Uluslararası topluma "İsrail'in işgal altındaki Doğu Kudüs'ün Sur Bahir bölgesinde yer alan Vadi El-Hummus Mahallesi'ndeki yıkımları başta olmak üzere Filistin topraklarındaki ihlallerini durdurması için derhal harekete geçme" çağrısı yapan Abbas şunları söyledi:
"Bizim halkımız haklarına kavuşmadığı sürece bölgede ve dünyada ne barış ne güvenlik ne de istikrar hakim olacaktır. Zaman uzasa da kısalsa da iğrenç işgal devleti çökecek ve kadim devletimiz bağımsızlığına kavuşacaktır."
FKÖ'ye bağlı Filistin Merkez Konseyi, Ekim 2018'deki 30. dönem toplantısında da Filistin devletini tanıyıncaya kadar "İsrail'i tanıma" kararını askıya almıştı.
NE OLMUŞTU?
İsrail Yüksek Mahkemesi, geçen ay Sur Bahir'deki bazı binaların Ayrım Duvarı'nın devamını oluşturan tel bariyerlere yakınlığı nedeniyle "güvenlik tehlikesi oluşturduğunu" iddia ederek yıkımına karar vermiş ve mülk sahiplerine, 18 Haziran'a kadar binalarını yıkmaları için süre tanımıştı.
Bunun üzerine Filistinliler, bazıları inşa halinde olan yaklaşık 100 daireden oluşan 10 binanın yıkımının durdurulması için Yüksek Mahkemeye başvurmuş ancak mahkeme bu başvuruyu reddetmişti.
İsrail güçleri, pazartesi günü, işgal altındaki Doğu Kudüs'te Ayrım (Utanç) Duvarı'nın devamı olan tel bariyerlere yakınlığı gerekçesiyle Filistinlilere ait bazı evleri yıkmaya başlamıştı.
Uzmanlar, İsrail mahkemesinin bu kararının, Filistin'in diğer bölgelerinde de birçok evin yıkılmasına neden olabileceği uyarısında bulunuyor.

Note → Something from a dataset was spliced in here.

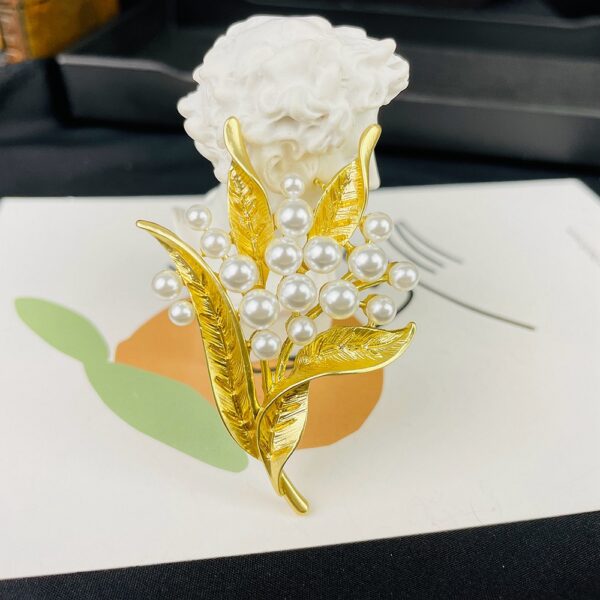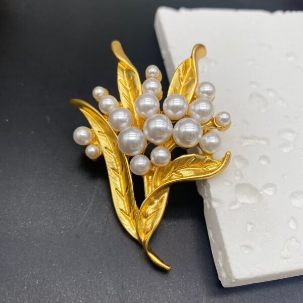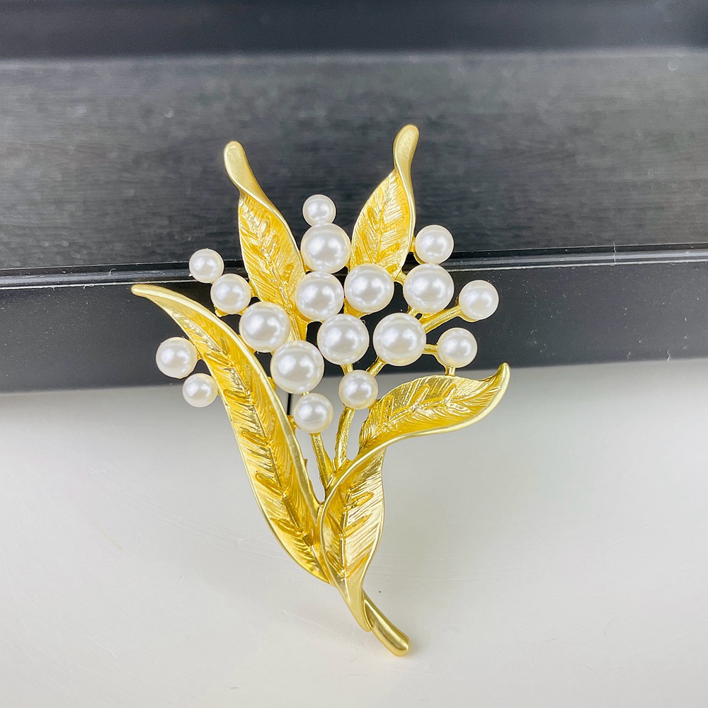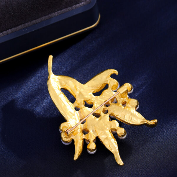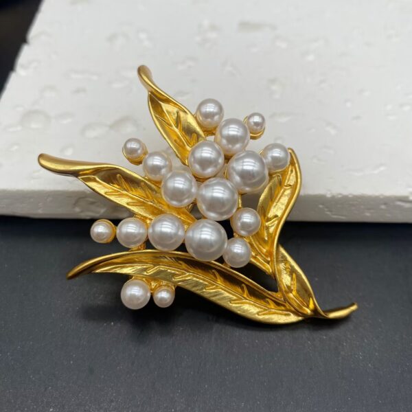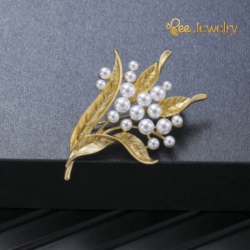 Trâm Cài Áo Lá Vàng 24K Đính Ngọc Trai

Filistin ile İsrail yönetimi arasında 1995'te imzalanan "İkinci Oslo Anlaşması" çerçevesinde Batı Şeria; A, B ve C bölgelerine ayrılmıştı. Yüzde 18'i kapsayan "A bölgesi"nin yönetimi idari ve güvenlik olarak Filistin'e; yüzde 21'lik "B bölgesi"nin idari yönetimi Filistin'e, "güvenliği" İsrail'e devredilmiş; yüzde 61'ini oluşturan "C bölgesi"nin ise "idari yönetimi ve güvenliği" İsrail'e bırakılmıştı.